ACTION ITEM: When copying the data below, keep only the lines from the one with "Краска для плитки" through the one with "Dans un petit", word for word, and skip the pictures.

EXTRACTED MATERIAL:
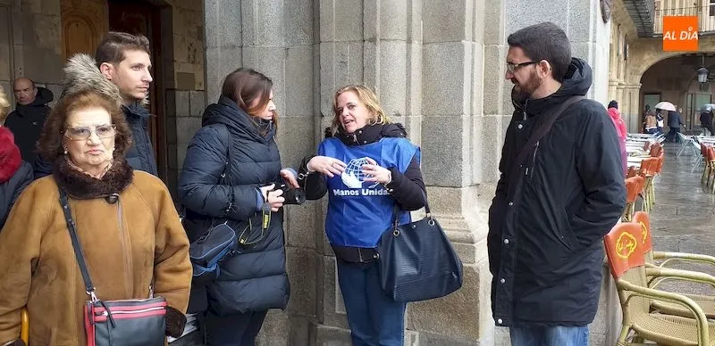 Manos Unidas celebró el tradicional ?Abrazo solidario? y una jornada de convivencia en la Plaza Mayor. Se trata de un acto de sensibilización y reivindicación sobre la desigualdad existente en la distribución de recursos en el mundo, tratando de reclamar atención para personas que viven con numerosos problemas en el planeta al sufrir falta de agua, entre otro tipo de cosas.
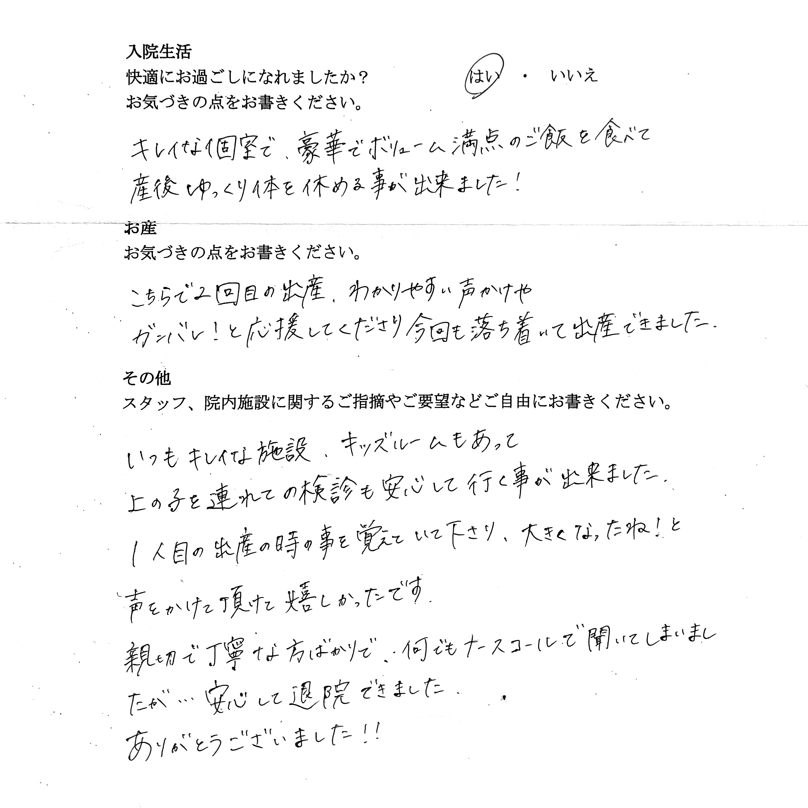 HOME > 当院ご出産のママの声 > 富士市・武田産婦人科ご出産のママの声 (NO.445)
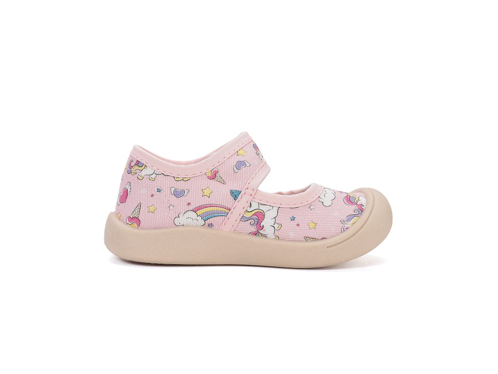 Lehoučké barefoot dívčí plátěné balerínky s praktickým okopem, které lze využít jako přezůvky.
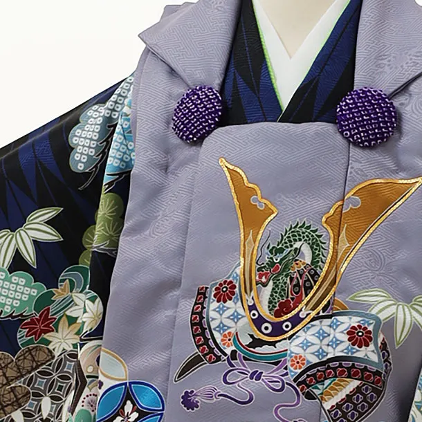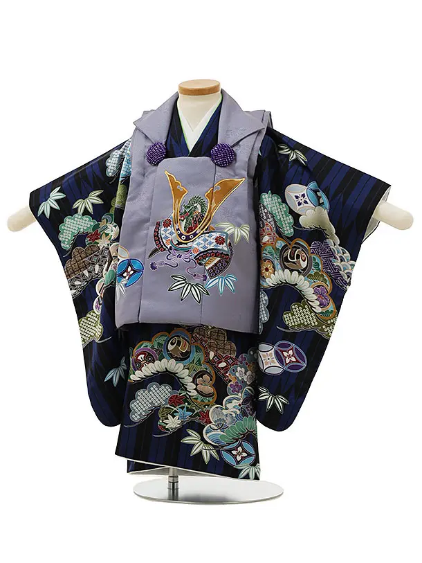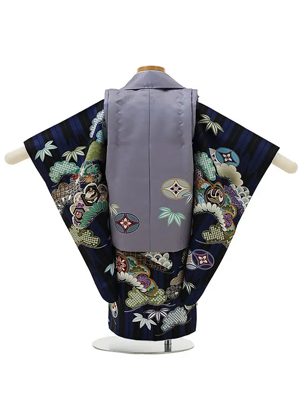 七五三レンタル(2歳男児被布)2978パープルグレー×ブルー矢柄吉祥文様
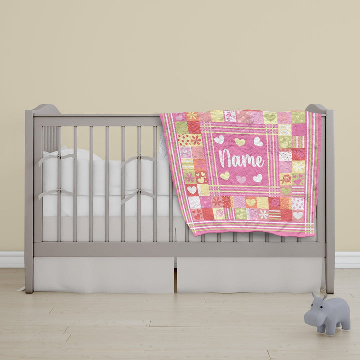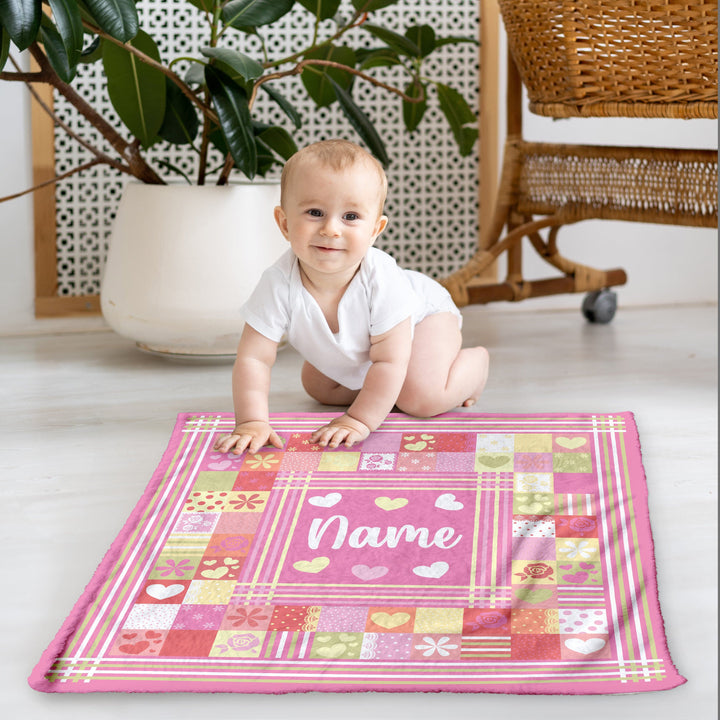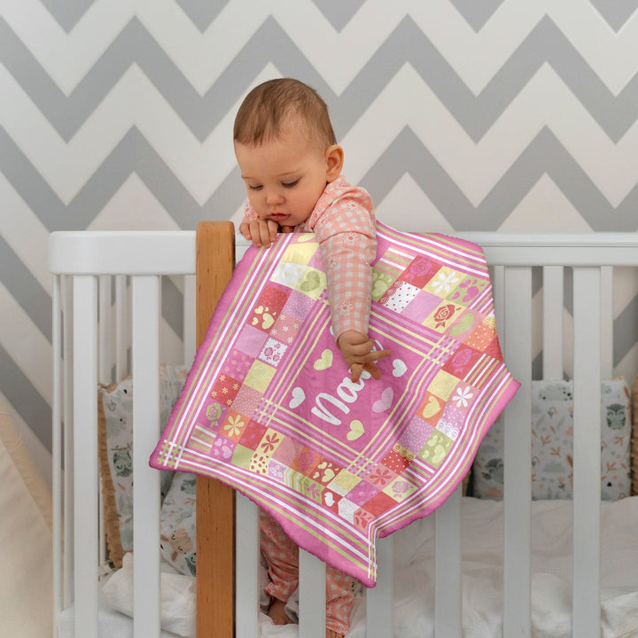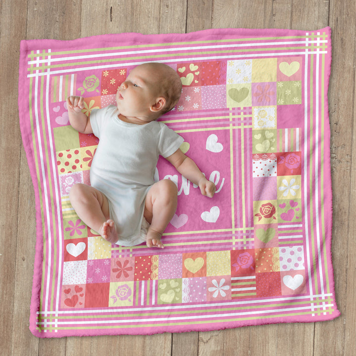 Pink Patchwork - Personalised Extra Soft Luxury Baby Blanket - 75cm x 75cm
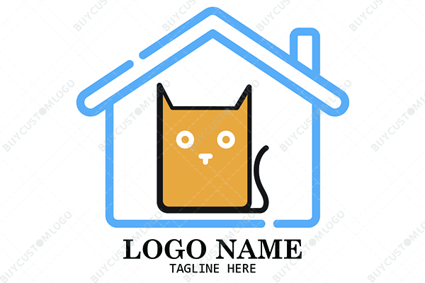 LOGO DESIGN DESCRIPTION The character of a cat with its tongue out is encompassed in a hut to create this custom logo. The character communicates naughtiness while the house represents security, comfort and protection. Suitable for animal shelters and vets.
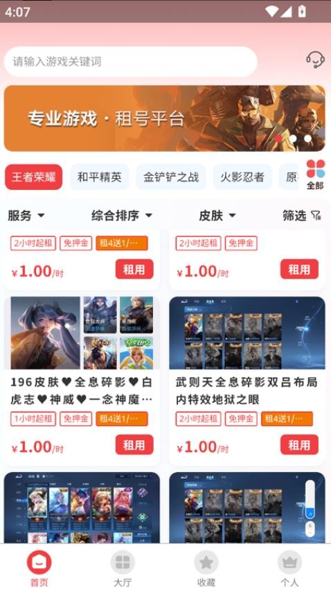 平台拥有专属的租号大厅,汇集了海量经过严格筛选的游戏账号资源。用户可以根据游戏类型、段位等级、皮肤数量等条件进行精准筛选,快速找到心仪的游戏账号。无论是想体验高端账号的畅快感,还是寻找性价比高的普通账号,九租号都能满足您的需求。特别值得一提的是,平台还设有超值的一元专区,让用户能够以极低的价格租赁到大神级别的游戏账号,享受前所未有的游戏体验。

...

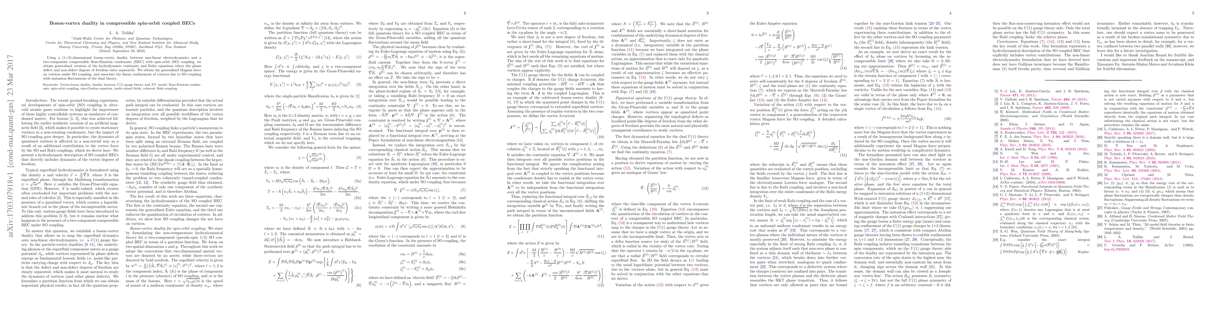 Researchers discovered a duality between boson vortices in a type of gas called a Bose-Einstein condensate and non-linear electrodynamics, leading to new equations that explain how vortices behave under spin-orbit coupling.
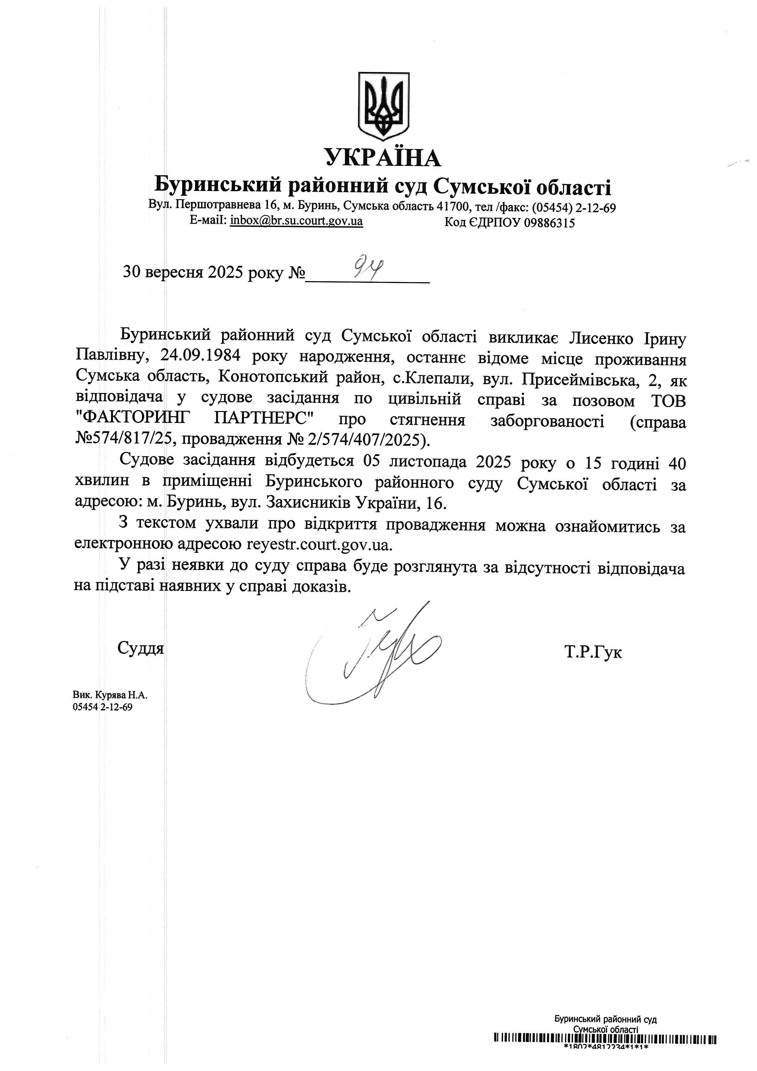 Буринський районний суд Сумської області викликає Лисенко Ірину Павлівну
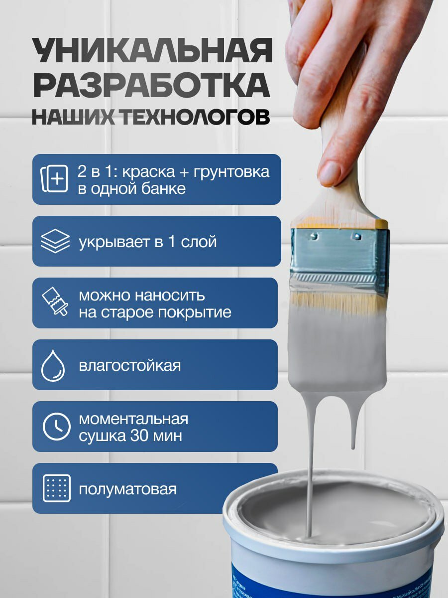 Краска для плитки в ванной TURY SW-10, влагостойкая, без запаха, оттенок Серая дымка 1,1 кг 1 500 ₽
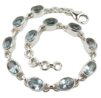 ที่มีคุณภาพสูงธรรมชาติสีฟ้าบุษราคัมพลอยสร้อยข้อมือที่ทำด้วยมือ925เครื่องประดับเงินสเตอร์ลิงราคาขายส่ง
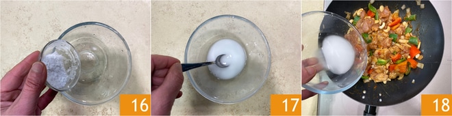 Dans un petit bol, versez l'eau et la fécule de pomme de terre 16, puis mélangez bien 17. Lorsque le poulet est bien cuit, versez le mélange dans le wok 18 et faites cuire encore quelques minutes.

...

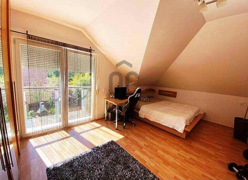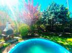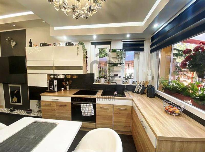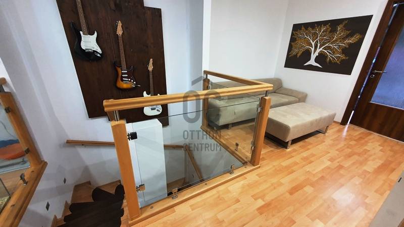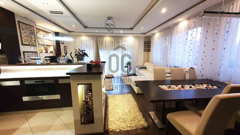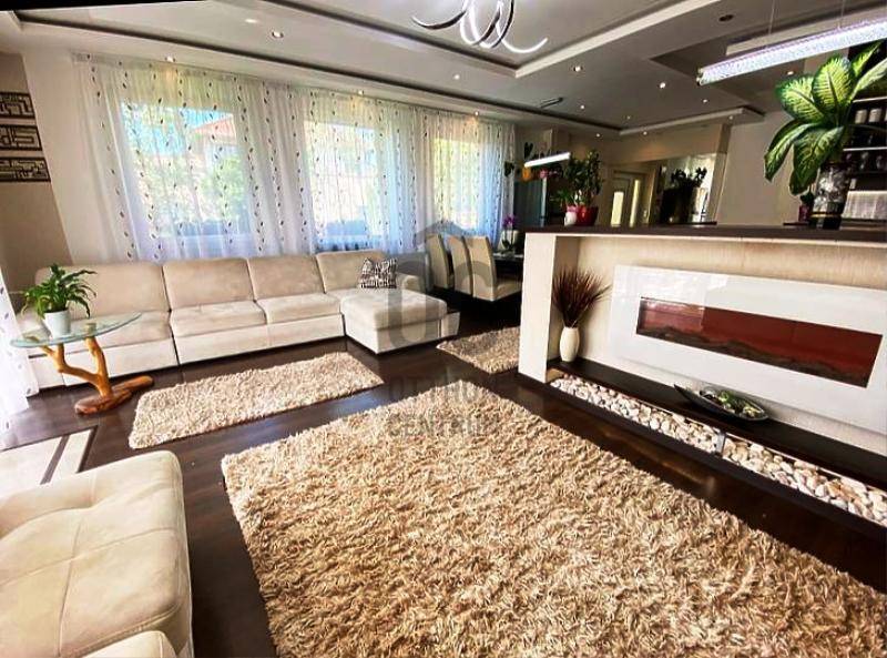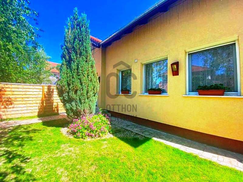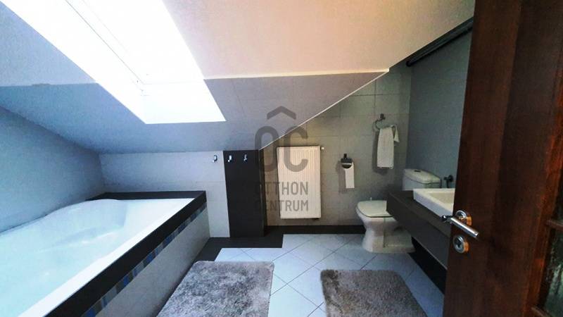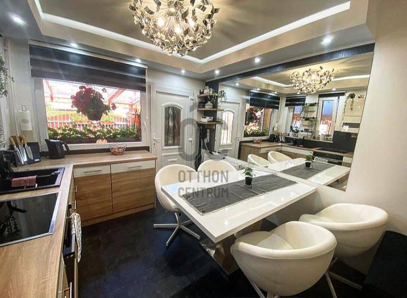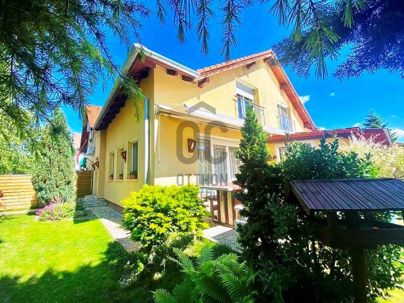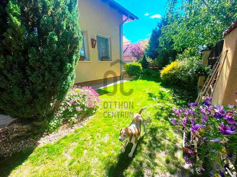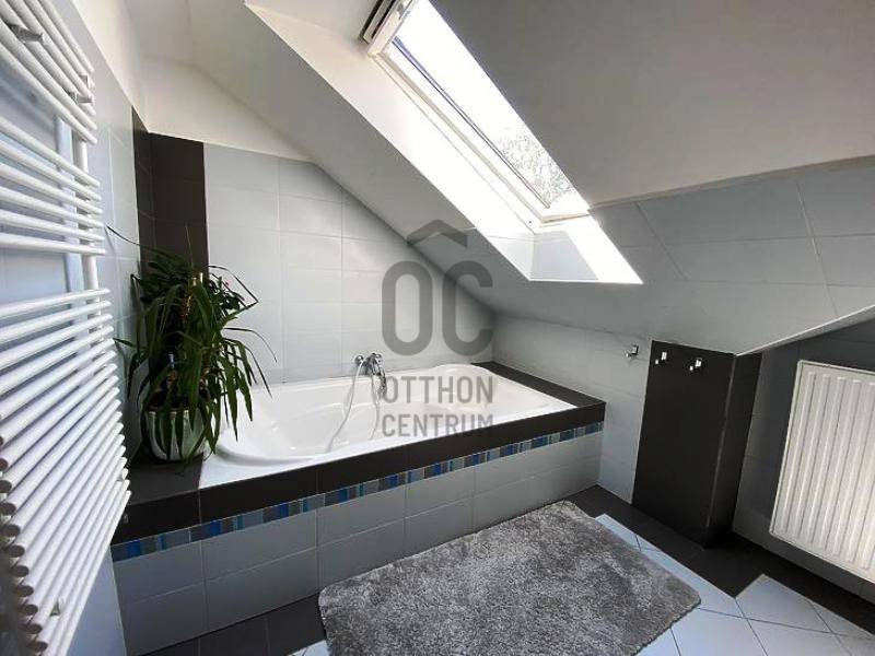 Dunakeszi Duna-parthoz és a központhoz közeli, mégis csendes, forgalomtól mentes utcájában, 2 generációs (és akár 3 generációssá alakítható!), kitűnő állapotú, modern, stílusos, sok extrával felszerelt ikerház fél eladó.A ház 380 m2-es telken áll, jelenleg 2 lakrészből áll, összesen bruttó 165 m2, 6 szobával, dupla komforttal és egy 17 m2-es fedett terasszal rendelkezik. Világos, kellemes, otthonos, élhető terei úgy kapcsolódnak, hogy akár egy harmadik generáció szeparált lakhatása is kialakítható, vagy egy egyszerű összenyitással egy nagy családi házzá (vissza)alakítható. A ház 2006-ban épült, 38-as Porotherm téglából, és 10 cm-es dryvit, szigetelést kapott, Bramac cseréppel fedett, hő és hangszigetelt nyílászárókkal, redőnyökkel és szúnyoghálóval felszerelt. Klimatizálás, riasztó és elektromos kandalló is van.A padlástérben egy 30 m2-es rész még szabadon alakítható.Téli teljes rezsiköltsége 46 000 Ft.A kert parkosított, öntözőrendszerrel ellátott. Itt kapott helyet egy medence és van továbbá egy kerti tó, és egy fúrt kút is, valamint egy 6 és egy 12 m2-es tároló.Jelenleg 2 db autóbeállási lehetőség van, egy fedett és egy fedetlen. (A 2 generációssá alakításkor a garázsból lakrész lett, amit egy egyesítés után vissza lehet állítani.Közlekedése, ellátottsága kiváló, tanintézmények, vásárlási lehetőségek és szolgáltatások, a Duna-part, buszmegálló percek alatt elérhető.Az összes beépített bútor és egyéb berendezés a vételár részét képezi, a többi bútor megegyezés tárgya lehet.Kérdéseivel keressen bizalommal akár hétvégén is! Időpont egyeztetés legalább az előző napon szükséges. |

EXERCISE ANSWER:
 Краска для плитки в ванной TURY SW-10, влагостойкая, без запаха, оттенок Серая дымка 1,1 кг 1 500 ₽
 ที่มีคุณภาพสูงธรรมชาติสีฟ้าบุษราคัมพลอยสร้อยข้อมือที่ทำด้วยมือ925เครื่องประดับเงินสเตอร์ลิงราคาขายส่ง
 Dans un petit bol, versez l'eau et la fécule de pomme de terre 16, puis mélangez bien 17. Lorsque le poulet est bien cuit, versez le mélange dans le wok 18 et faites cuire encore quelques minutes.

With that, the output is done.